Adelson Foundation
- Founder: Sheldon and Miriam Adelson
- Focus: Healthcare, Holocaust and anti-Semitism awareness, Israel advocacy and defense, Israel programs, Israel studies, Jewish and Zionist identity and education, media and culture, welfare
- Location: Los Angeles, California, United States;
- Region served: United States and Israel
- Method: Donations and grants
- Endowment: $143 million as of 2012^{[update]}
- Website: adelsonfoundation.org

= Adelson Foundations =

American private charitable foundation

The Adelson Foundations refer to the American private charitable foundations founded by business magnate Sheldon and Miriam Adelson.
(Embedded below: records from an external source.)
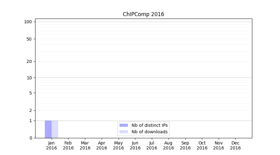 Number of downloads for experiment package ChIPComp, year by year, from 2025 back to 2014 (years with no downloads are omitted):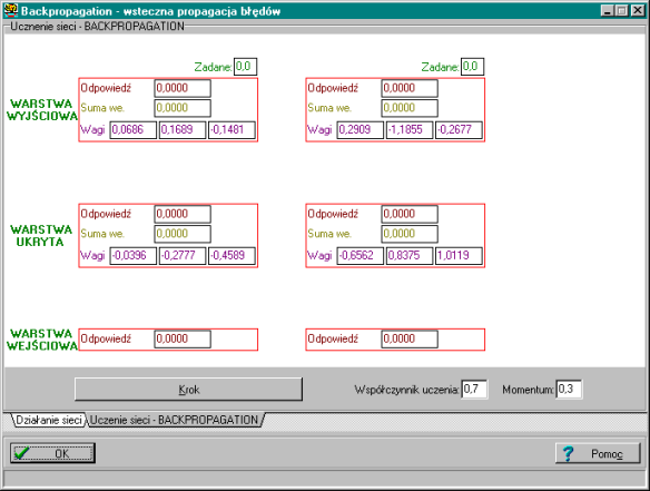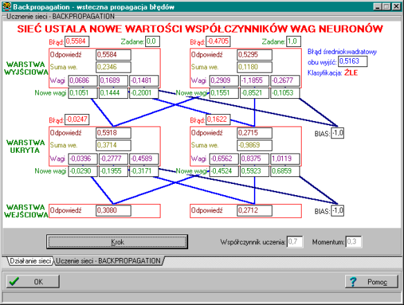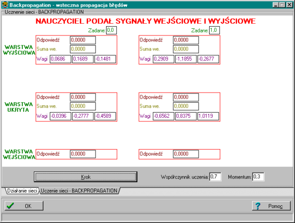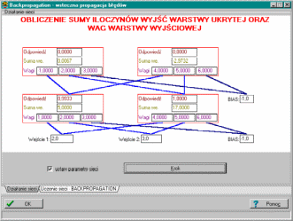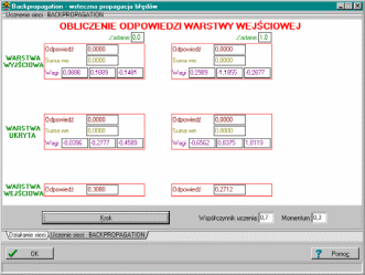 Ostatnim etapem prezentacji jest wyliczenie odpowiedzi warstwy wyjściowej. Po zakończeniu prezentacji użytkownik może przystąpić do uczenia sieci metodą backpropagation.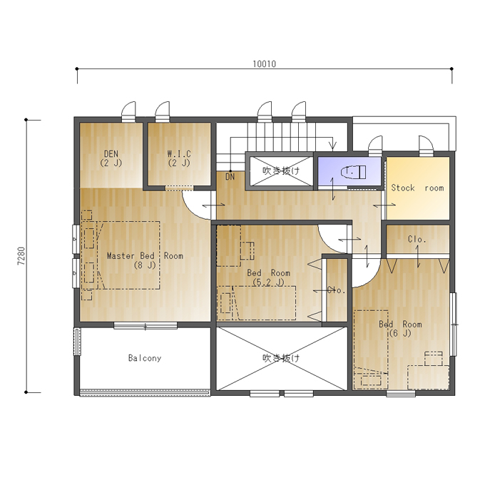 2階の子供部屋2部屋にはそれぞれクロゼットがあるほか、約2帖のストックルームがあり、収納スペースは抜群です。8帖の主寝室の隣には、ウォークインクロゼット、リモートワークに活用できる2帖の書斎スペースも設けられています。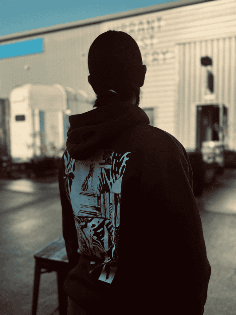 Hight quality fruit of the loom black pull over hoodie printed with large design on back & name on front chest.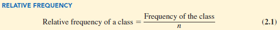 A frequency distribution shows the number (frequency) of observations in each of several nonoverlapping classes. However, we are often interested in the proportion, or percentage, of observations in each class. The relative frequency of a class equals the fraction or proportion of observations belonging to a class. For a data set with n observations, the relative frequency of each class can be determined as follows: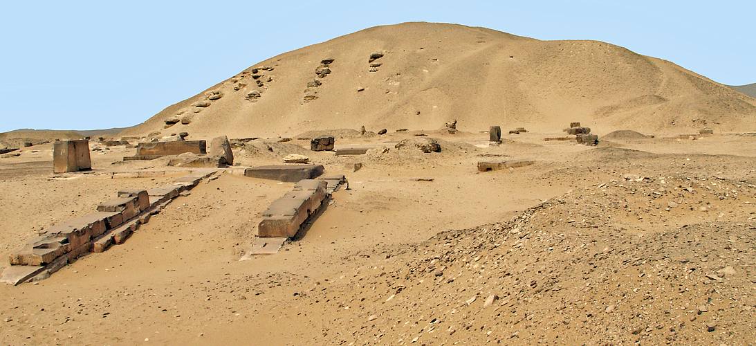 | Wie bei seinem Vater Amenemhet I. bestand die Pyramide aus einem mit Sand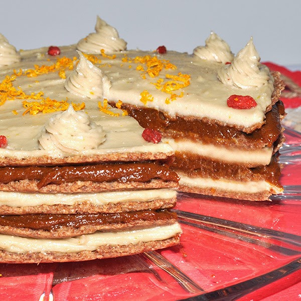 Уникален вкус от бадемови блатове, крем от сурово кашу и вкусни кайсии, овкусени с канела, портокалова и лимонова кора.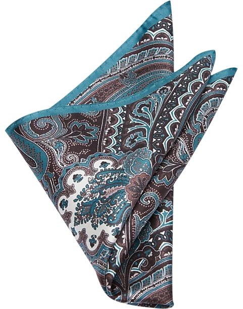 Joseph Abboud Pocket Square, Teal & Brown Paisley

The organizations are based in Los Angeles.

== Areas of support ==
The foundation is divided into two branches, including the Adelson Family Foundation, which was established in 2007, and the Adelson Medical Research Foundation. The former works to strengthen the State of Israel and the Jewish people, while the latter focuses on healthcare.
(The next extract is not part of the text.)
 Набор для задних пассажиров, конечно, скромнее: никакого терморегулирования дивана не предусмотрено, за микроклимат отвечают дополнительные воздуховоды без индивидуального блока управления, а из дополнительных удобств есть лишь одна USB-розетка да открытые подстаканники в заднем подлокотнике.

Noteworthy donations of the organization include: $50 million to the Dr. Miriam and Sheldon G. Adelson Educational Campus, another $67 million in total was donated to their Medical Research Foundation, and $33 million to the Birthright Israel Foundation, and $13 million toward paying for the promotional trips to Israel, Jerusalem and the Golan Heights that the nonprofit organizes for young Jewish people.

In addition, the couple have pledged $3 million to Hebrew SeniorLife for housing facilities and a program to bring together older people and elementary-school students for education programs; $2 million to Gateways: Access to Jewish Education for programs for children with special needs; and $1 million to the Chelsea Jewish Foundation for specialized housing for patients with amyotrophic lateral sclerosis and multiple sclerosis. Those pledges will be paid over five years, and since 2007, the Adelson Family Foundation has made contributions totalling $140 million to Birthright Israel, which finances Jewish youth trips to Israel.
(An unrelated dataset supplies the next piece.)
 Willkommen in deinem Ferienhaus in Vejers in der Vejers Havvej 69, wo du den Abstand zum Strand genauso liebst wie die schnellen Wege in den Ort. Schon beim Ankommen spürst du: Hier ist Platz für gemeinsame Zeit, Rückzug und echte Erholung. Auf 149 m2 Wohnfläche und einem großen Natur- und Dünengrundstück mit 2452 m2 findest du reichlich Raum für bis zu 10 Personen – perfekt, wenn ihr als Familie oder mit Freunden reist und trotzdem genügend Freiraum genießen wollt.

The Adelson Foundation gives $200 million annually to Jewish and Israeli causes, the largest by far of any existing private foundation with that aim.

As of 2014, the foundation had donated $200 million to Birthright Israel and $50 million to Yad Vashem, and had begun supporting the Israeli American Council.

The foundation funds the Maccabee Task Force, which works to oppose the Boycott, Divestment and Sanctions movement on university campuses and improve the public image of Israel.

In 2025, the foundation was one of the donors who funded the White House's East Wing demolition, and planned building of a ballroom.